# SpeechT5 
Along with processor object used for tokenization and feature extraction

In [4]:
from transformers import SpeechT5Processor, SpeechT5ForTextToSpeech
from datasets import load_dataset
import torch

In [2]:
processor = SpeechT5Processor.from_pretrained("microsoft/speecht5_tts")
model = SpeechT5ForTextToSpeech.from_pretrained("microsoft/speecht5_tts")

In [3]:
inputs = processor(text="Don't count the days, make the days count.", return_tensors="pt")

In [5]:
embeddings_dataset = load_dataset("Matthijs/cmu-arctic-xvectors", split="validation")
speaker_embeddings = torch.tensor(embeddings_dataset[7306]["xvector"]).unsqueeze(0)

Xet Storage is enabled for this repo, but the 'hf_xet' package is not installed. Falling back to regular HTTP download. For better performance, install the package with: `pip install huggingface_hub[hf_xet]` or `pip install hf_xet`
Generating validation split: 100%|███████████████████████████████████████| 7931/7931 [00:00<00:00, 82570.53 examples/s]


The speaker embedding is a tensor of shape (1, 512). This particular speaker embedding describes a female voice.

In [6]:
spectrogram = model.generate_speech(inputs["input_ids"], speaker_embeddings)
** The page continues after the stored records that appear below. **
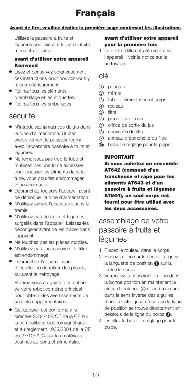 AT642 - Accessoire de cuisine KENWOOD - Notice d'utilisation et mode d'emploi gratuit
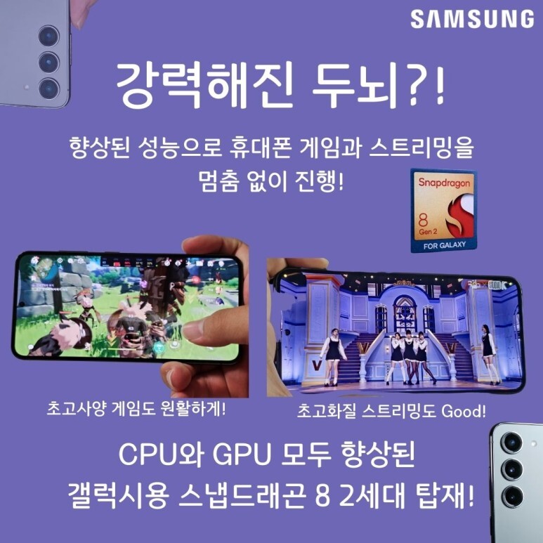 이로 인하여 고성능 게임 플레이, 숏폼 편집을 할 때도 핸드폰이 정말 매끄럽게 동작하여 " 쿄오오오오오오 이게 갤럭시지!!" 라는 소리가 나올 정도로 정말 만족스러웠습니다.
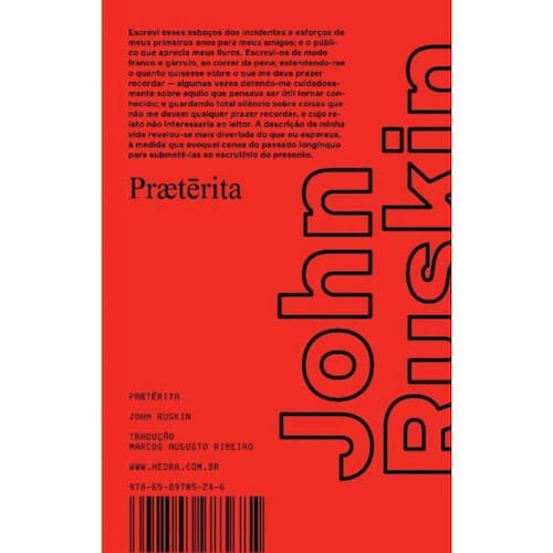John Ruskin (1819-1900), foi um dos mais importantes intelectuais da era vitoriana. Principal teórico da preservação arquitetônica e ambiental da Inglaterra do século XIX e crítico perspicaz das transformações sociais trazidas ao país pela industrialização, a qual veementemente combateu. Excêntrico, vinculado ao romantismo, grande esteta, valorizava a sensibilidade subjetiva em contraponto à razão; contraditório ao mesmo tempo aristocrático, reacionário e simpático ao socialismo. Pr te rita, sua autobiografia, foi sua última obra e testamento literário. Escrita ao longo de 27 anos, a desigualdade de suas partes reflete o estado mental do autor durante o período de sua elaboração. O livro, heterodoxo como gênero e de caráter experimental, não segue os modelos de autobiografias então vigentes geralmente apresentados em termos de confissão religiosa , e poderia também ser considerado como narrativa de viagem, elegia, memória filial ou coleção de excertos de diários. Esta tradução contempla apenas o primeiro dos três volumes de Pr te rita.
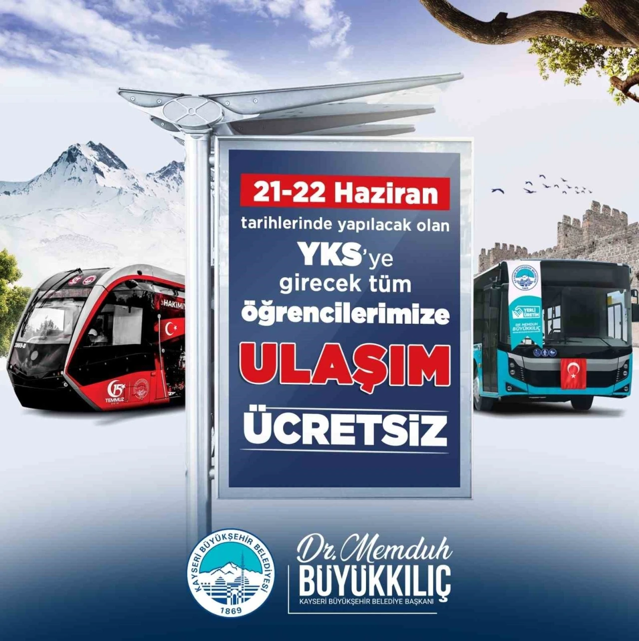 Kayseri Büyükşehir Belediye Başkanı Dr. Memduh Büyükkılıç; hafta sonu Yükseköğretim Kurumları Sınavı’na (YKS) girecek adaylara başarılar diledi. KAYMEK’in 21-22 Haziran’da yapılacak YKS öncesi 524 öğrenciye ücretsiz kurs desteği sunduğunu hatırlatan Başkan Büyükkılıç, sınava girecek gençlere ücretsiz toplu ulaşım müjdesi verirken, sınav süresince sessiz ortam çağrısı ile tam destek verdi.
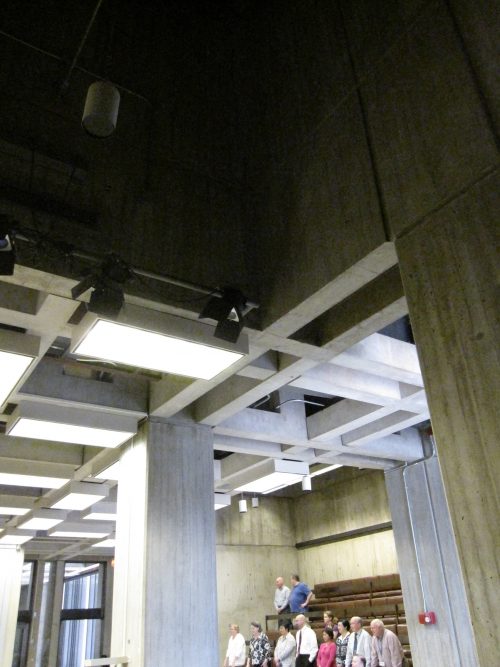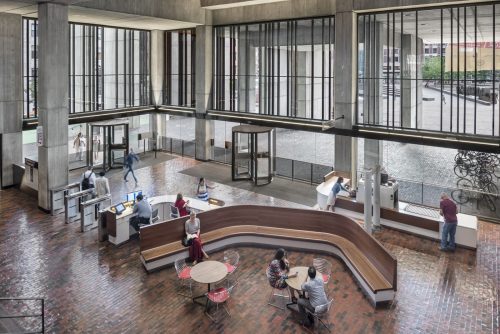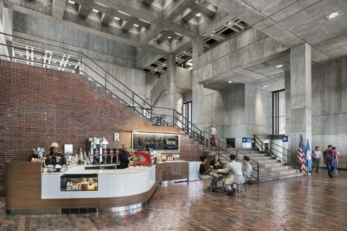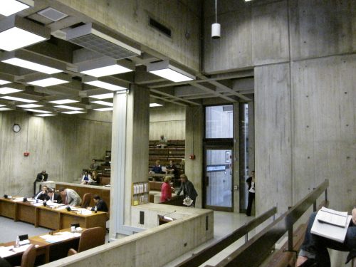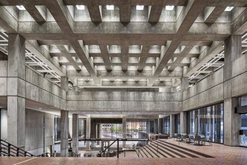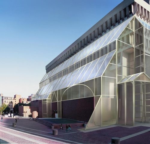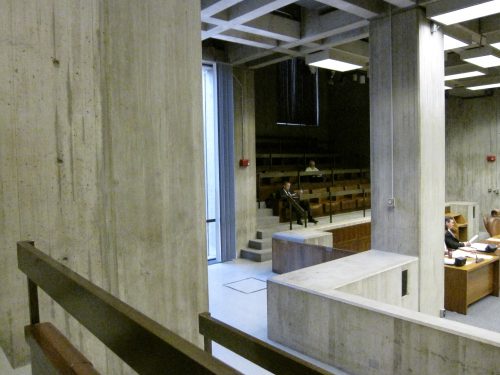当時、公共の建物は記念碑的であるべきだと考えられていたため、建築家たちは最初の大規模プロジェクトで意思表示をしたかったのだ。 この設計は、革新的であると同時に時代を超越したものであることを意図しており、古典的な建築の要素や、ル・コルビュジエによる サント・マリー・ド・ラ・トゥーレット修道院のような、大きな張り出しとむき出しのコンクリート構造という偉大な近代的作品を参考にしている。 建築家たちはまた、中世やルネサンス期の古代イタリアのタウンホールや、19世紀ボストンの 花崗岩建築にも目を向けた。
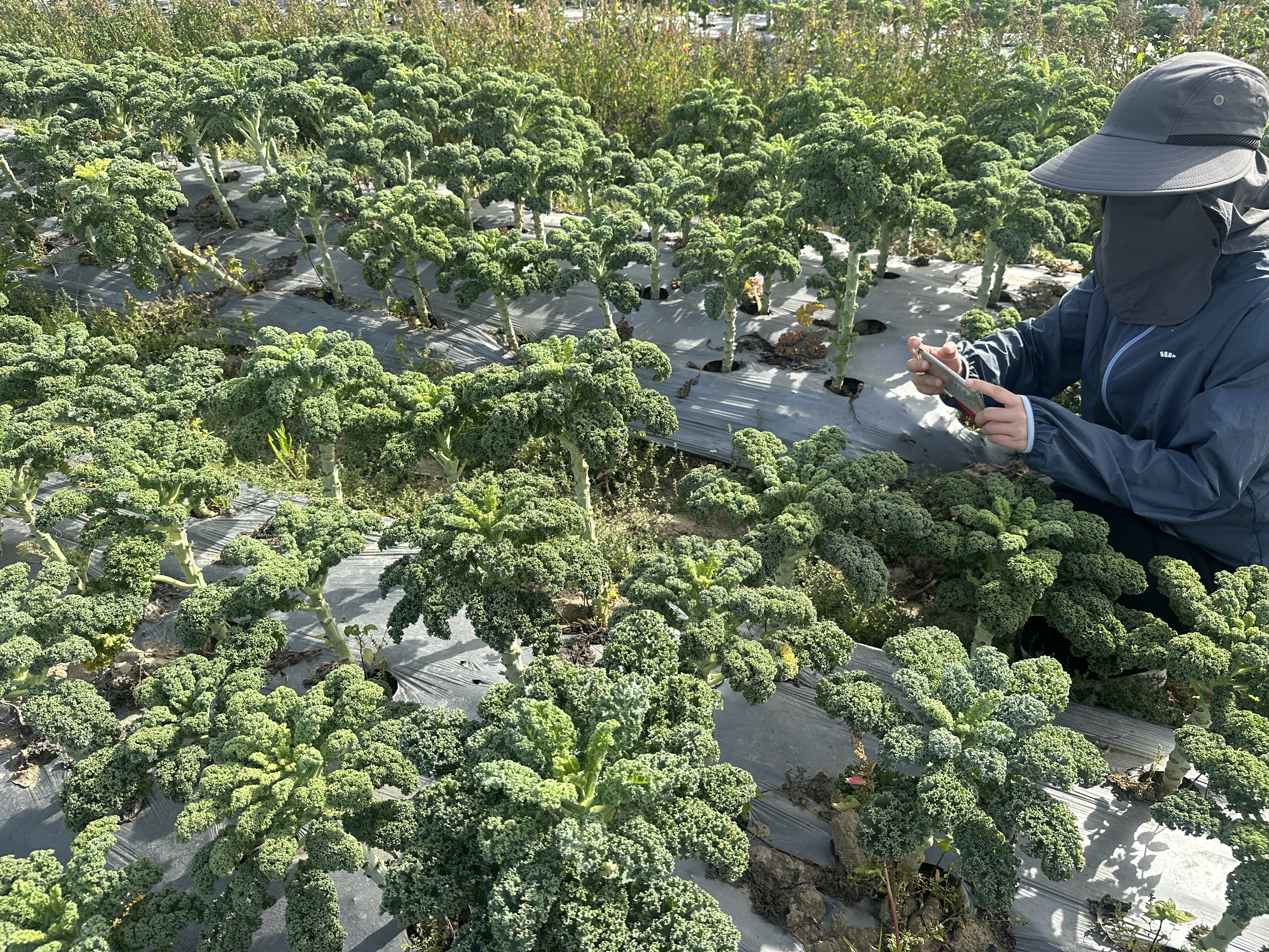 為減少蟲害,他瞄準氣溫降低的時候,在去年12月播種羽衣甘藍,今年1月收獲。為減少管理成本,在夏季來臨前,他輪換種植其他應季農(nóng)作物。
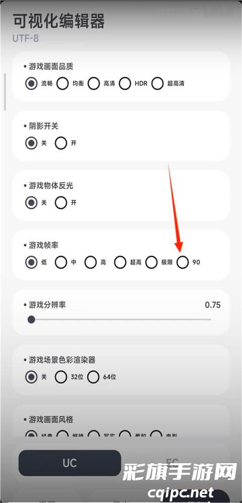 3、进入可视化编辑器还可以对游戏的帧率进行修改,比如解锁90高帧率
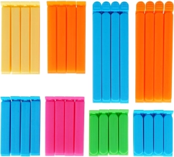 Iepakojumā atradīsiet 32 klipšus: 8× 15,5 × 1,5 cm, 8× 11 × 1,5 cm, 8× 9 × 1,5 cm un 8× 7 × 1,5 cm. Piemēroti gan maziem, gan lieliem pārtikas iepakojumiem.
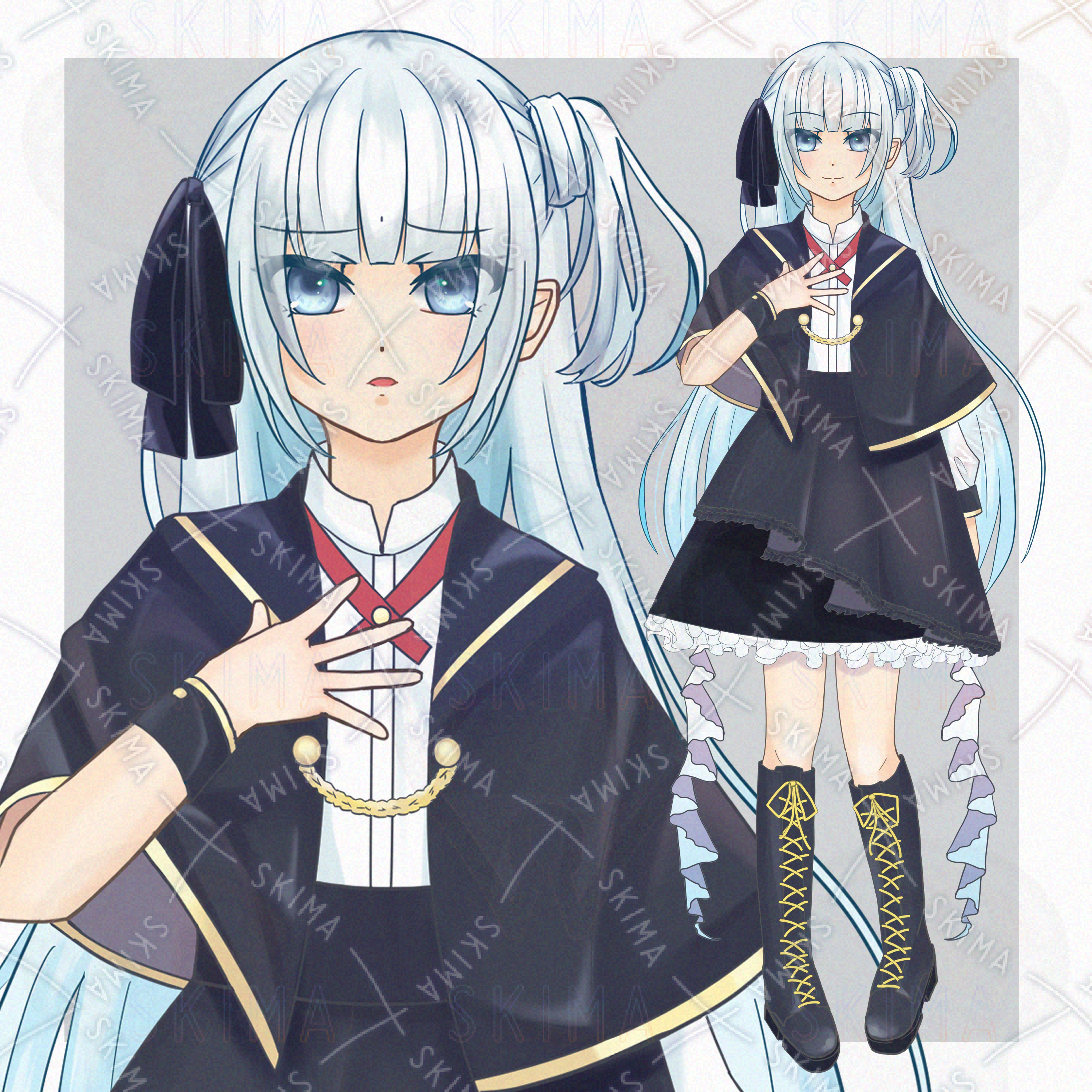 ロング 水色 制服 フリル 軍服 アイドル サイドアップ 清楚 ロングブーツ

This outputs a tensor of shape (140, 80) containing a log mel spectrogram. The first dimension is the sequence length, and it may vary between runs as the speech decoder pre-net always applies dropout to the input sequence. This adds a bit of random variability to the generated speech.

In [8]:
from transformers import SpeechT5HifiGan
# loading vocoder
vocoder = SpeechT5HifiGan.from_pretrained("microsoft/speecht5_hifigan")

In [9]:
# converts to speech waveform
speech = model.generate_speech(inputs["input_ids"], speaker_embeddings, vocoder=vocoder)

In [10]:
from IPython.display import Audio

Audio(speech, rate=16000)

# Bark

In [11]:
from transformers import BarkModel, BarkProcessor

model = BarkModel.from_pretrained("suno/bark-small")
processor = BarkProcessor.from_pretrained("suno/bark-small")

In [None]:
# add a speaker embedding
inputs = processor("This is a test!", voice_preset="v2/en_speaker_3")

speech_output = model.generate(**inputs).cpu().numpy()

In [None]:
# try it in French, let's also add a French speaker embedding
inputs = processor("C'est un test!", voice_preset="v2/fr_speaker_1")

speech_output = model.generate(**inputs).cpu().numpy()

In [None]:
inputs = processor(
    "[clears throat] This is a test ... and I just took a long pause.",
    voice_preset="v2/fr_speaker_1",
)

speech_output = model.generate(**inputs).cpu().numpy()

In [None]:
input_list = [
    "[clears throat] Hello uh ..., my dog is cute [laughter]",
    "Let's try generating speech, with Bark, a text-to-speech model",
    "♪ In the jungle, the mighty jungle, the lion barks tonight ♪",
]

# also add a speaker embedding
inputs = processor(input_list, voice_preset="v2/en_speaker_3")

speech_output = model.generate(**inputs).cpu().numpy()

In [None]:
from IPython.display import Audio

sampling_rate = model.generation_config.sample_rate
Audio(speech_output[0], rate=sampling_rate)

In [None]:
Audio(speech_output[1], rate=sampling_rate)

In [None]:
Audio(speech_output[2], rate=sampling_rate)

In [None]:
pip install git+https://github.com/huggingface/transformers.git

In [None]:
from transformers import VitsModel, VitsTokenizer

model = VitsModel.from_pretrained("facebook/mms-tts-deu")
tokenizer = VitsTokenizer.from_pretrained("facebook/mms-tts-deu")

In [None]:
text_example = (
    "Ich bin Schnappi das kleine Krokodil, komm aus Ägypten das liegt direkt am Nil."
)

In [None]:
import torch

inputs = tokenizer(text_example, return_tensors="pt")
input_ids = inputs["input_ids"]


with torch.no_grad():
    outputs = model(input_ids)

speech = outputs["waveform"]

In [None]:
from IPython.display import Audio

Audio(speech, rate=16000)